Dr. Magee said the health plans have, for the most part, been receptive to the report.
Marylou Buyse, MD, president and chief executive of the Massachusetts Assn. of Health Plans, said the group always welcomes physician feedback. But she said she didn't agree with every conclusion in the report.
"We would agree the programs are imperfect," she said. "But if we wait for them to be perfect, the health care system is going to collapse of its own weight."
Specifically, she said the health plans hadn't been given enough credit for diminishing the administrative burden of some prior-authorization programs, and said although they are not flawless, the measures used now in pay-for-performance programs are "credible and reliable."
Other organized medical groups also have been busy analyzing health plans' cost and quality programs. A report issued in November 2007 by the Minnesota Medical Assn. looked only at the pay-for-performance programs in its state and found that, as in Massachusetts, health plans were, for the most part, following the group's guidelines.
The AMA recently examined incentive programs offered by United Healthcare and Wellmark Blue Cross and Blue Shield to see how they conformed to the Association's pay-for-performance principles.
In each case, both programs met some standards, but fell short by, for example, using data that might not be evidence-based and limiting payments to a certain number of physicians, rather than rewarding all doctors who had quality improvements.
With pay-for-performance, tiered-network and prior-authorization programs now widespread, physicians are moving on to improving the programs' accuracy and precision, said James Maxwell, PhD, Director of Health Policy and Management Research for John Snow Inc., a public health consulting firm based in Boston.
The question is, "How do you work with health plans to make them more transparent and make them more effective?" he said.
For the Massachusetts study, the medical society gathered publicly available data on health plans' programs, interviewed chief medical officers and other health plan personnel, and allowed plans to review the research for factual inaccuracies.

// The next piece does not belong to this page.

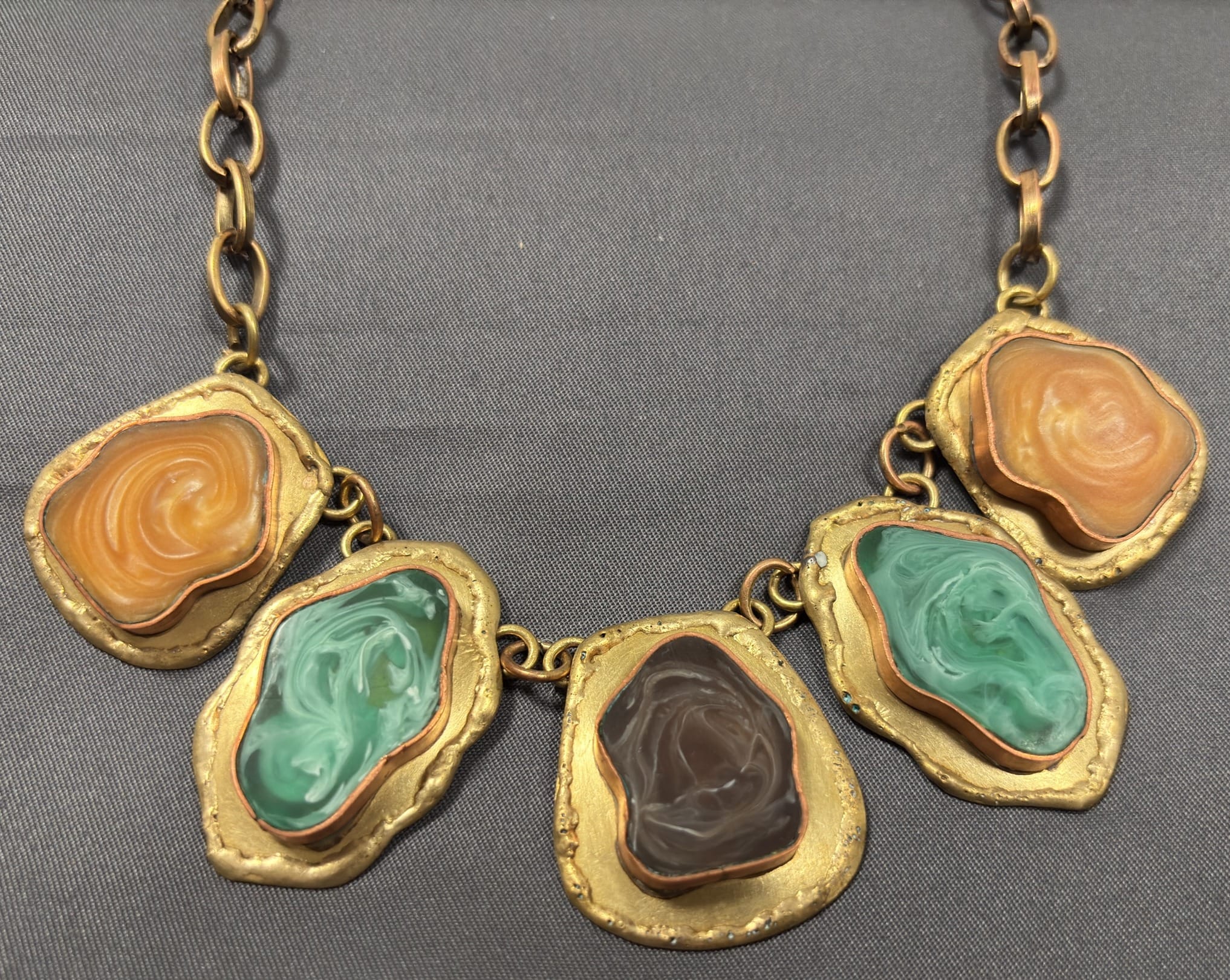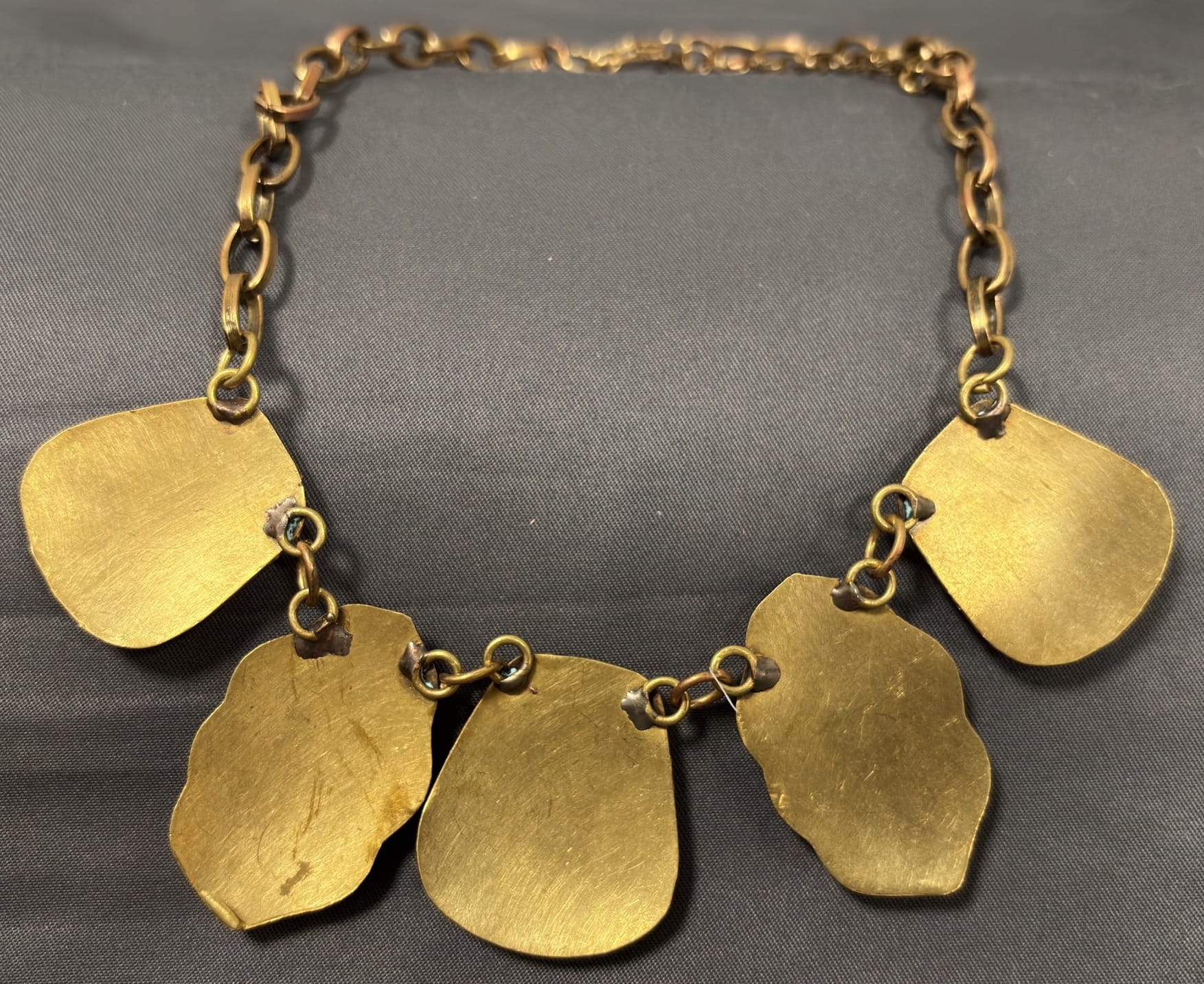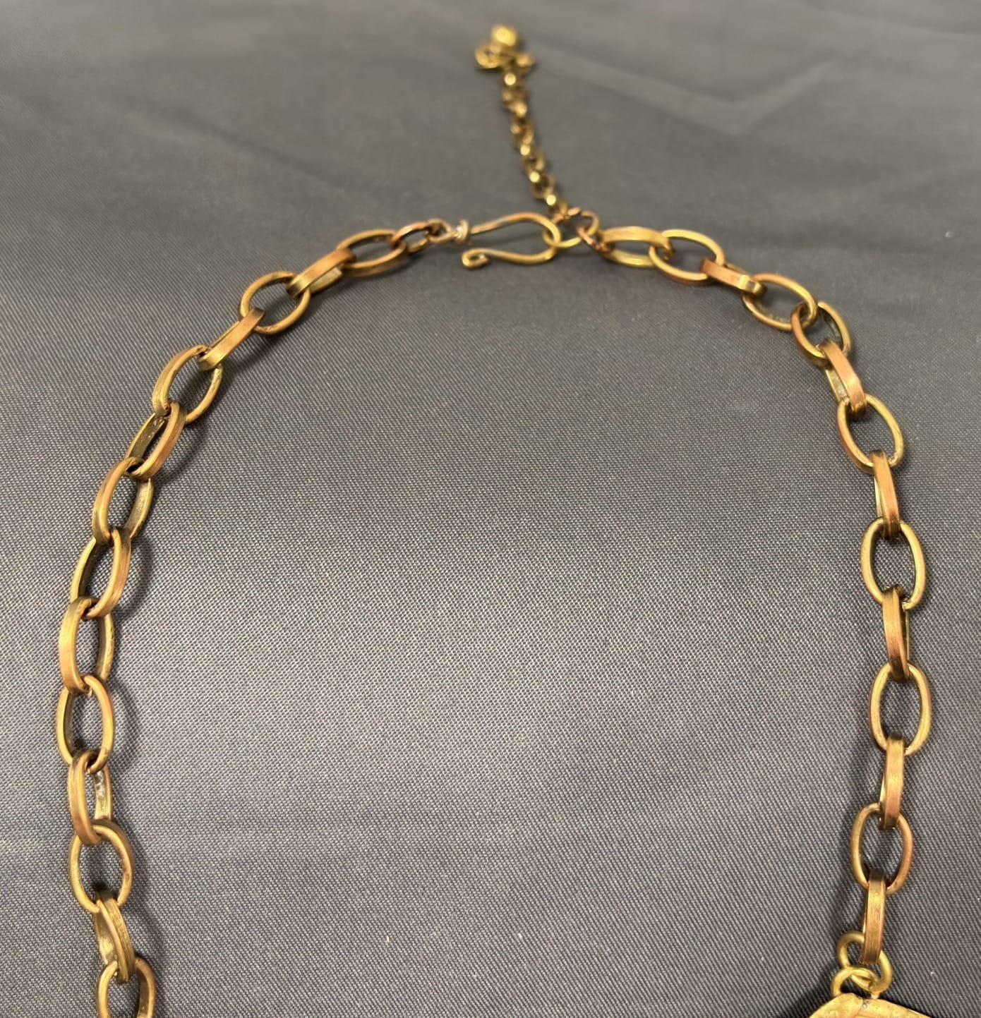 1092 Vintage 18 inch Hand Made Brass and Copper Necklace with Polished Natural Stones

The Massachusetts study avoided giving an overall ranking of plans according to which ones met the most principles and which met the least, but it did detail each plan's conformity with its principles. The report is available online (link).
In its report, the society detailed how plans' practices compared with others. For example, Fallon Community Health Plan was deemed the least intrusive on prior authorization for radiology, requiring it only for PET scans. Aetna, Cigna, Health New England and Tufts Health Plan were the most intrusive, the society said, requiring prior authorization for all nonurgent MRI, CT and PET scans, and do not reimburse physicians for nonauthorized imaging procedures.